Smooth Sensitivity for Geo-Privacy

Suppose each user i holds a private value x_i in some metric space (U, dist), and an untrusted data analyst wishes to compute ∑_i f(x_i) for some function f : U →ℝ by asking each user to send in a privatized f(x_i). This is a fundamental problem in privacy-preserving population analytics, and the local model of differential privacy (LDP) is the predominant model under which the problem has been studied. However, LDP requires any two different x_i, x'_i to be ε-distinguishable, which can be overly strong for geometric/numerical data. On the other hand, Geo-Privacy (GP) stipulates that the level of distinguishability be proportional to dist(x_i, x_i'), providing an attractive alternative notion of personal data privacy in a metric space.
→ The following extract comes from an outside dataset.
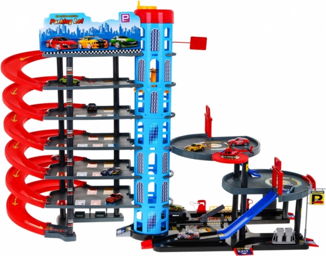 Kinderen kunnen de lift en glijbanen gebruiken om de auto's tussen de verschillende verdiepingen van de parkeerplaats te verplaatsen.
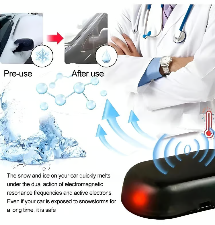 En banebrydende solcelledrevet opfindelse, der fremmer en overlegen afisningseffekt for at levere den hurtigste løsning til at tackle genstridig is fra biler. Den anvender en smart teknologi kendt som »elektromagnetisk molekylær interferens«, der virker ved at aktivere og accelerere den molekylære bevægelse af is og sne. Når molekylernes bevægelse øges, overvinder den desuden den tiltrækning, som vandmolekyler har på hinanden, hvilket resulterer i, at isen på bilens overflade smelter hurtigt. Denne enhed hjælper endda med at forhindre, at vand let størkner, selv ved lave temperaturer, for at sikre, at køretøjer ikke fryser tilbage i sådanne ekstreme miljøer. Den tekniske ydeevne fra NASA gør, at den kan klare temperaturer fra 20 °C til -80 °C - den samme kulde, som findes på Mars' overflade!

However, existing GP mechanisms for this problem, which add a uniform noise to either x_i or f(x_i), are not satisfactory. In this paper, we generalize the smooth sensitivity framework from Differential Privacy to Geo-Privacy, which allows us to add noise tailored to the hardness of the given instance. We provide definitions, mechanisms, and a generic procedure for computing the smooth sensitivity under GP equipped with a general metric. Then we present three applications: one-way and two-way threshold functions, and Gaussian kernel density estimation, to demonstrate the applicability and utility of our smooth sensitivity framework.